Verbania - C.so Mameli 19
Domenica 21 aprile, Tempio di Intra, dalle h.10 momenti di preghiera e canti, Culto alle h. 11

Omegna - Via F.lli Di Dio 64
Domenica 21 aprile, Tempio di Omegna, Culto alle h. 9 con relativa Cena del Signore

30/12/2019

Pensiero di Natale dal Vangelo di Luca capitolo 2, versetti da 33 a 35


“E il padre e la madre di Gesù erano meravigliati per le cose che si dicevano di lui. E Simeone li benedisse e disse a Maria, la madre di Gesù: «Ecco, questo [tuo figlio] è posto per la caduta ed il rialzarsi di molti in Israele e come segno di contraddizione (e una spada, poi, trapasserà la tua stessa anima) di modo che vengano rivelati pensieri da molti cuori»” (Luca 2,33-35) 

Ci troviamo all’inizio del vangelo secondo Luca, in mezzo a quelle pagine che narrano dell’infanzia di Gesù. L’episodio inizia facendo riferimento alla meraviglia di Maria e di Giuseppe, sorpresi dalle parole che hanno ascoltate da Simeone, attraverso le quali il loro figlioletto appena nato era stato definito «luce che illumina le genti e gloria del Tuo popolo Israele». Ma chi è Simeone? Quando lo presenta, Luca lo descrive semplicemente ma significativamente come «un uomo giusto»: vive in Gerusalemme e, da uomo retto qual è, si tratta della persona più indicata per riconoscere Gesù come colui nel quale e attraverso il quale questa giustizia si compie.  
L’elemento più sorprendente e più dirompente però, in questa confessione, è un altro e consiste nel fatto che chi pronuncia queste parole è un laico, ovverosia, letteralmente parlando, un «uomo del popolo». Non si tratta, infatti, di un sacerdote, di un uomo che, per così dire, “per mestiere” si occupa di amministrare il sacro: Luca, con buona pace di quanti, allora come oggi, rimangono perplessi e scandalizzati da questa scelta, pone sin dall’inizio la vicenda umana e divina di Gesù sotto il segno della laicità.
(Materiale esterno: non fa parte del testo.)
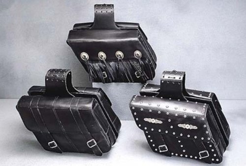 Star Slant Saddlebags-Plain.These handcrafted, throw-over design leather bags feature a plastic base insert and a hard rubber back to help hold their shape when empty. Interior pockets and zippered pouch included. A classic look for your bike. Dimensions: 10" x 15" x 5".*Saddlebag Support Bars (sold separately) required for installation.
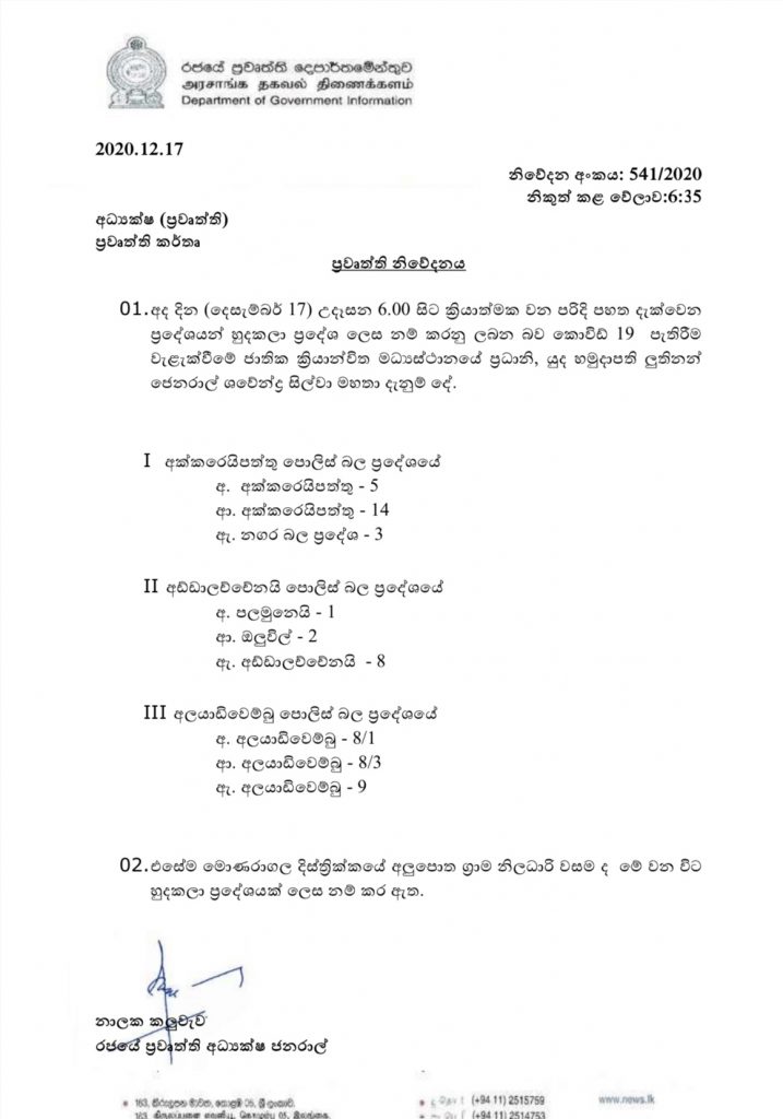 අද උදෑසන 6.00 සිට අක්කරෙයිපත්තු පොලිස් බලප්‍රදේශයේ ප්‍රදේශ කිහිපයක් සහ මොණරාගල දිස්ත්‍රික්කයේ ග්‍රාම නිලධාරී වසමක් හුදකලා කිරීමට තීරණය කළ බව යුද හමුදාපති ලුතිනන් ජෙනරාල් ශවේන්ද්‍ර සිල්වා මහතා සදහන් කරනවා.
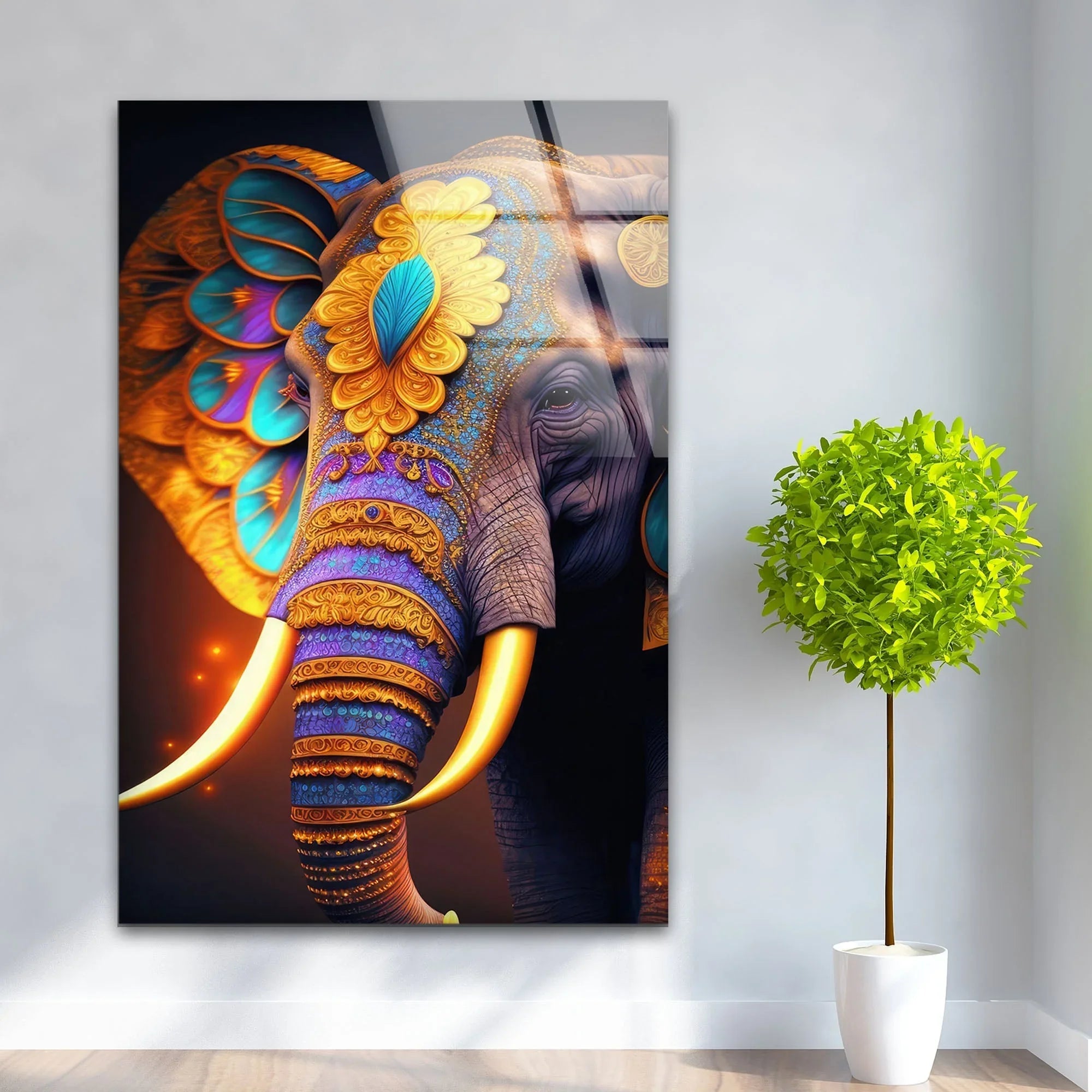 ديكور جداري على شكل فيل هندي ملون - فن...
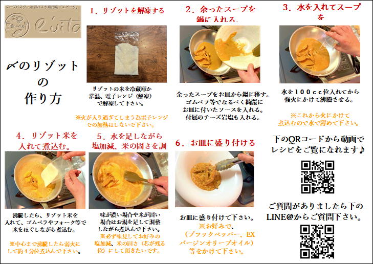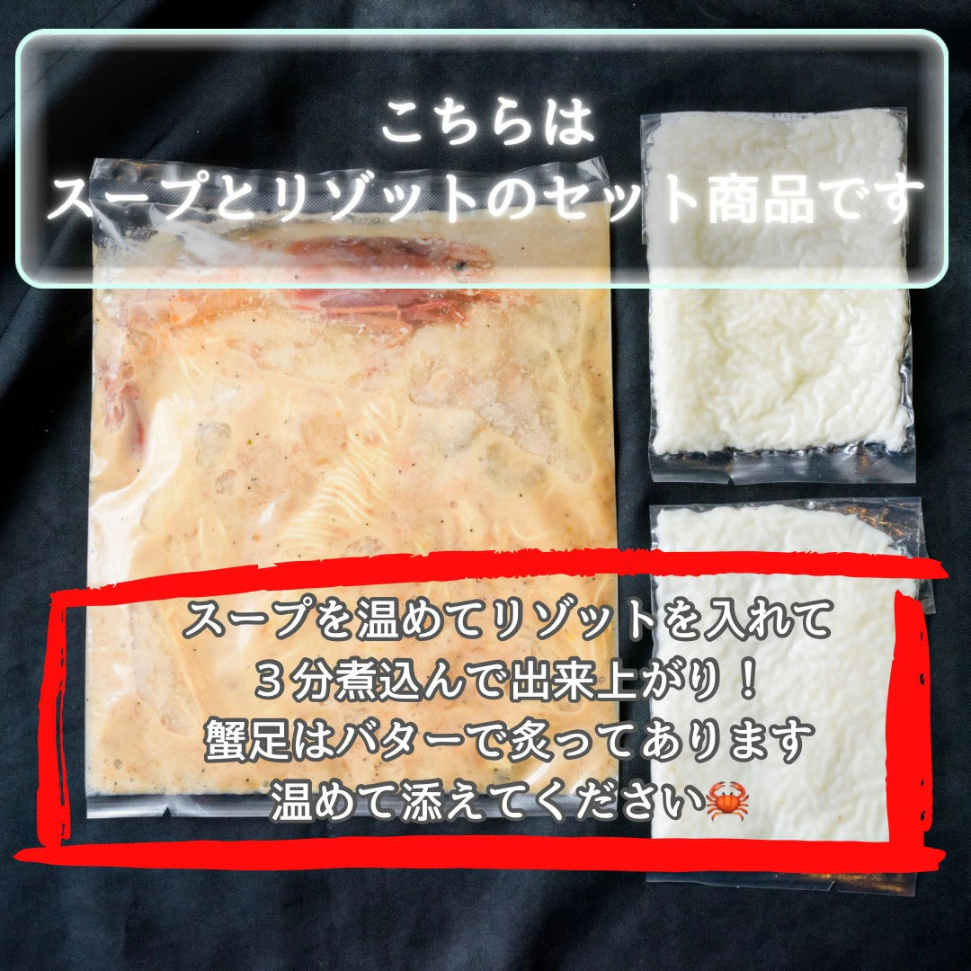 そうして出来上がった贅沢なスープと共に付属のリゾットを煮込んでいただければ、一粒一粒に旨味が凝縮され、スプーンが止まらない事間違いなしです!!
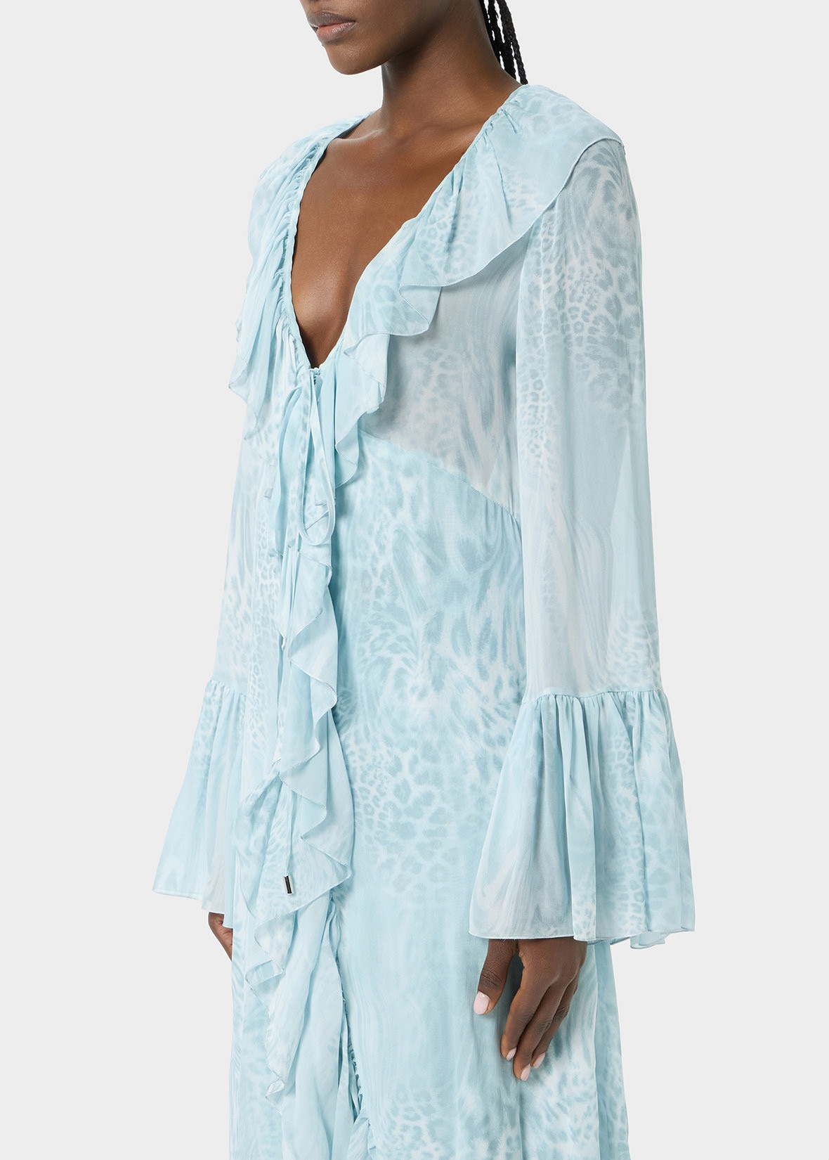 LONG VISCOSE CHIFFON DRESS IN A LIQUID LEOPARD PRINT, FEATURING A V-NECKLINE AND RUFFLED DETAILS. COMPOSITION: 100%VI - VISCOSE CHIFFON - LIQUID LEOPARD PRINT - NECKLINE, CUTOUT, AND HEM FINISHED WITH RUFFLE TRIM - V-NECK - LONG SLEEVES WITH RUFFLE DETAILING AT THE CUFFS - JEWEL BUTTON CLOSURE - FULLY LINED - FLOOR-LENGTH - LOOSE FIT DETAILS COLORS: LIGHT BLUE, SILVER
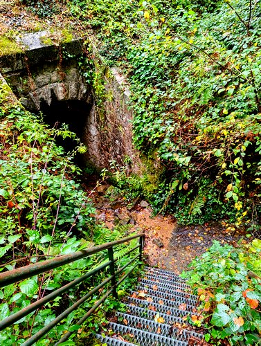 descends des escaliers pour passer dans un petit tunnel sous la voie ferrée et
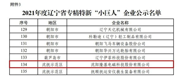 近日,隆基電磁成功入選2021年度遼寧省專精特新“小巨人”企業(yè)。
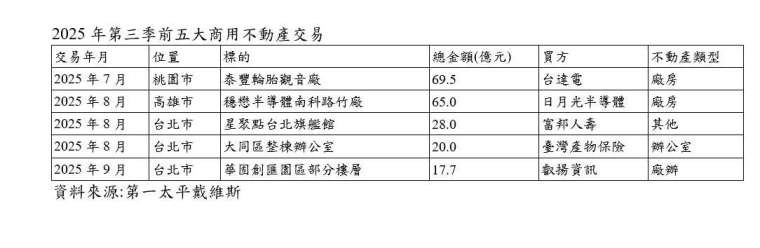 第一太平戴維斯指出,第三季各類型不動產之中,廠房交易最為活絡,金額達 203 億元,區位集中在桃園市的編定工業區,有利於迅速投產;其次為辦公室與廠辦,交易金額分別為 43 億元與 34 億元。辦公室主要集中在台北市核心地區,除台灣產物保險的購置案,達欣工 (2535-TW) 以 6.8 億元購入大安區中古商辦部分樓層,兩者都規劃重建為新商辦大樓。
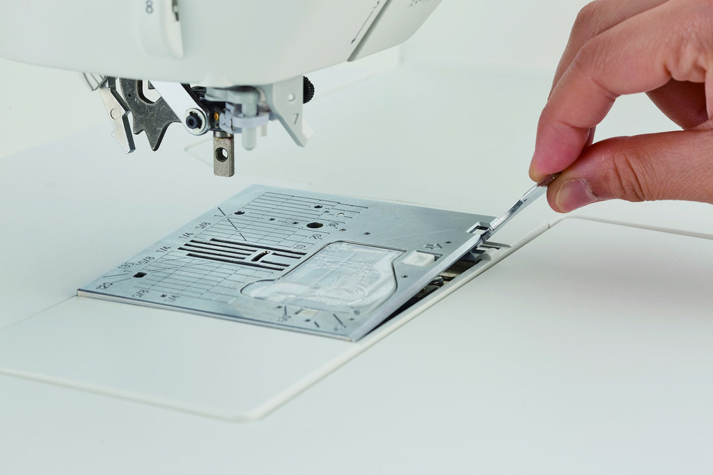 - Interchangeable Straight Stitch Feed System: Effortlessly switch to perfect straight stitch sewing with a revolutionary interchangeable Feed System. Create perfect stitches from beginning to end. No pulling, bunching, or pushing fabrics into the needle opening. Smooth handling for perfect piecing, close edges, curves, layers, and more. Perfection!
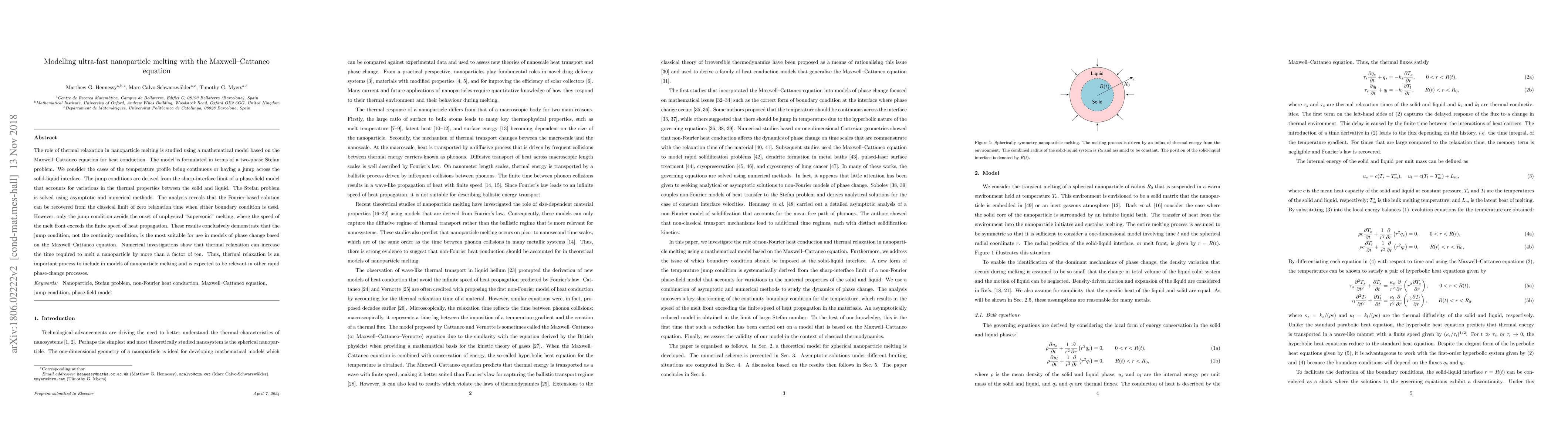 This paper models ultra-fast nanoparticle melting using the Maxwell-Cattaneo equation for heat conduction, revealing that thermal relaxation significantly impacts melting time. The jump condition across the solid-liquid interface, derived from a phase-field model, prevents unphysical "supersonic" melting, underscoring its suitability for phase change models.
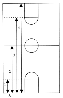 如右圖,測試者A按1、2、3、4順序跑完全程。從一側(cè)端線開始,聽到信號(hào)后出發(fā),至近側(cè)罰球線急停,轉(zhuǎn)身迅速折回至起跑的端線,急停轉(zhuǎn)身,跑至中線,折回端線,急停轉(zhuǎn)身跑向另一側(cè)罰球線,折回至原起跑的端線急停轉(zhuǎn)身,跑至另一側(cè)端線,折回沖刺至原起跑的端線。
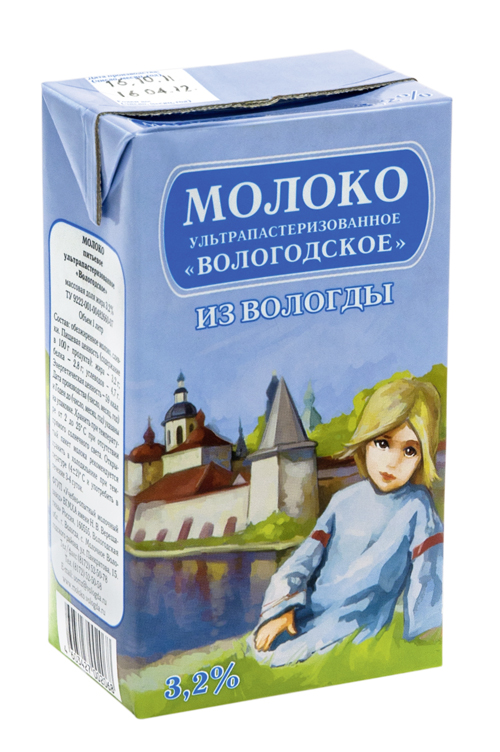 Молоко питьевое стерилизованное Вологодское. Массовая доля жира- 3,2%. Объем: 1 л. Состав: обезжиренное молоко, сливки. Пищевая ценность: жира -3,2 гр, белка- 2,8 гр, углеводов- 4,7 гр. Энергетическая ценность 59 ккал. Открытый пакет молока рекомендуется хранить в холодильнике, при температуре 4+/- 2С и употребить в течение 3-4 суток.
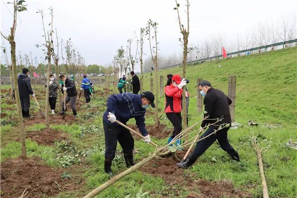 植树现场,市、区领导与参加义务植树活动的干部职工干劲十足,兴致勃勃。大家配合默契,三四人一组,或挥锹铲土,或扶苗培土,或踏土夯实,认真完成每道工序。种好的一株株树苗整齐排列,昂然挺立。参与现场植树的干部职工纷纷表示,植树活动,不仅美化了环境,还进一步提高了大家的绿化观念和生态意识,增强了广大干部职工的社会责任感。

Simeone, uomo retto e laico, viene però incontro a Gesù e ai suoi genitori proprio dentro il tempio, per annunciare che, in verità, con quel tempio e con il suo sacerdozio la predicazione e la vita di quel bimbo, un giorno non lontano, entreranno inevitabilmente in contrasto. Profeta di questa notizia è, come quasi sempre sono i profeti biblici, un uomo del popolo, che agli occhi di Dio è affidabile più di qualsiasi uomo religioso per il semplice fatto che si tratta di un uomo giusto. E persino lo stesso nome che porta non è figlio del caso: Simeone, infatti, vuol dire, letteralmente, «colui che dà ascolto»; ed è questa stessa capacità, il suo saper volgere l’orecchio così come il cuore a Dio, ciò che lo rende, in ultima istanza, un uomo giusto. 
Ma le sorprese legate a quest’uomo semplice ed integro non sono ancora finite, al contrario, hanno appena avuto inizio. Simeone, infatti, contro ogni consuetudine propria del suo tempo e della sua cultura, sceglie di rivolgere le sue parole non al padre del bambino, ma alla madre. Nella religiosità sacerdotale, ieri come oggi, la donna non è considerata come possibile interlocutrice: la parola circola da maschio a maschio, perché i maschi custodiscono e circoscrivono lo spazio inviolabile del sacro. Il Dio delle istituzioni religiose parla ai soli maschi, i quali poi, sovente, si elevano al rango di depositari del vero. I vangeli, al contrario, sono storia di una rivelazione che, in modo assai significativo, si apre e si chiude al femminile. 
Ed è con un riferimento all’intimità che Simeone si rivolge, con una confidenza commovente e sorprendente, a Maria. Le dice, infatti: «Una spada, poi, trapasserà la tua stessa anima».  Simeone annuncia a Maria il suo dolore di madre, la ferita da cui dovrà imparare a germogliare la sua fede di donna: il suo Gesù infatti, e lei lo sa, appartiene a Dio, e lei dovrà riscoprirsi madre nel lasciarlo andare, nel rinunciare alla spontaneità del sentimento che tende a trattenere l’amato. Quel figlio suo e non suo, dono dell’amore come lo è ogni figlio, ogni figlia, sarà trafitto a morte e straziato, e con lui il suo cuore di madre. Ma in questo squarcio che verrà a dilaniarle il petto Dio, per bocca di Simeone, promette di gettare un seme: e da quel dolore muto e inconsolabile qual è il dolore della madre che veda morire il figlio, da quel solco che le si scaverà nell’anima e nei sensi, gli ultimi di questa terra riceveranno speranza e nuova vita.     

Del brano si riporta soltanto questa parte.